In summary then we must ask what makes for a strong case? Allowing the critic to outline what evidence will be permitted and what evidence will be rejected? This places the critic in the driver’s seat as the ultimate reference point, as the final authority for what should be believed and what should be rejected. Essentially, this contradicts Paul’s argument in 1 Corinthians 1. Paul tells us that the word of the cross is foolish to the debater, the pagan philosopher, and the experts. Habermas seems to think it is right for us to remove the thing that makes the gospel foolish so that it will be more acceptable. However, the very thing that make the gospel foolish is also the thing that makes it powerful: the supernatural work of God on the heart and mind. The gospel is infused with the power of light and it enlightens all those whom God opens their eyes to see. As a result, our faith stands in the power of God, not in the sophisticated philosophical arguments or the rational evidences as a result of the cleverness of men.

The Christian must communicate the gospel in a way that the demands of the Creator are felt rather than allowing the creature to lighten the load by serving as their own reference point for what should be believed even when it comes to “this saith the Lord.”
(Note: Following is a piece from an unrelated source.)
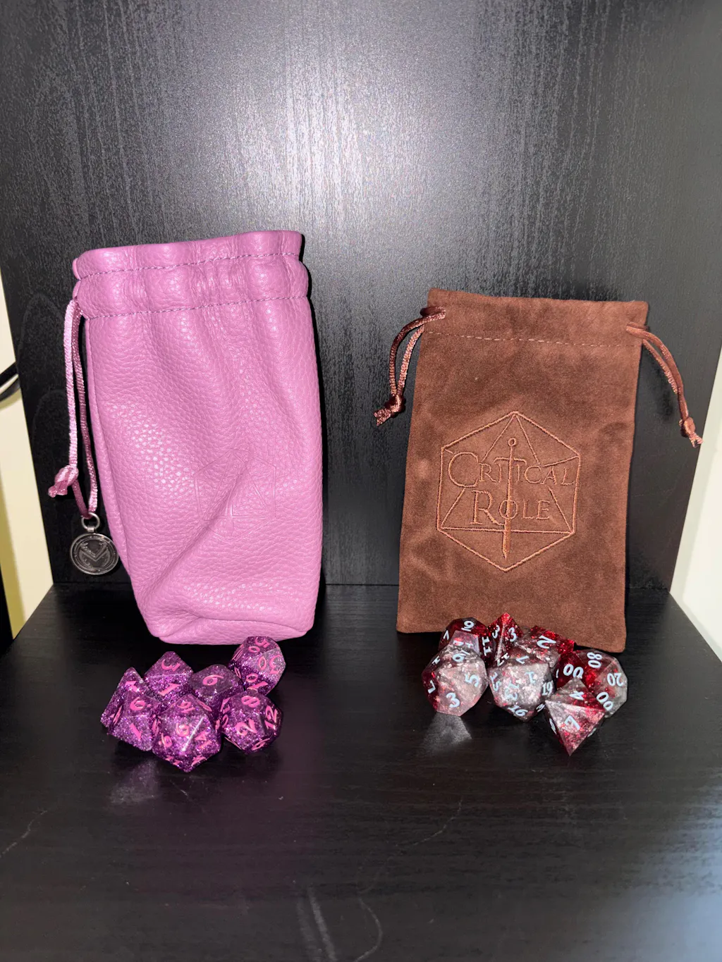 - Includes a brown velveteen drawstring bag with an embroidered Critical Role logo.

Cornelius Van Til wrote, “It is only to be expected that, in matters of ultimate commitment, the intended conclusion of one’s line of argumentation will also be the presuppositional standard that governs one’s matter of argumentation for that conclusion – or else the intended conclusion is not his ultimate commitment after all.
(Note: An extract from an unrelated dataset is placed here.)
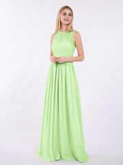 Illusion Neck Full Length Bridesmaid Dress Sage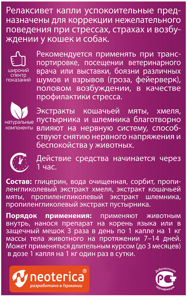 Составы RELAXIVET разработаны компанией Neoterica (Германия).

It seems to me that Habermas’ ultimate commitment is not to the inscripturated revelation of God as it is. Otherwise he would be unwilling to pretend that some of “thus says the Lord” is not really “thus says the Lord” for argument’s sake. It is never a stronger argument to throw out evidence just because it is evidence the skeptic rejects. Think about that and let it sink in. Habermas has unwittingly said that if we cut out parts of evidence derived directly from divine revelation we actually strengthen our argument. Nothing could be farther from the truth. It is God, not man, who determines what passes for evidence. We never strengthen our arguments when we pretend that some parts of God’s evidence is not actually good evidence. We only compromise the evidence and the truth it reveals when we do that. And we lesson the demands of a sovereign and holy God upon the lives of fallen, rebellious, and arrogant man. Essentially, we weaken and downgrade the thunderous message of “repent, for the kingdom of heaven is at hand.”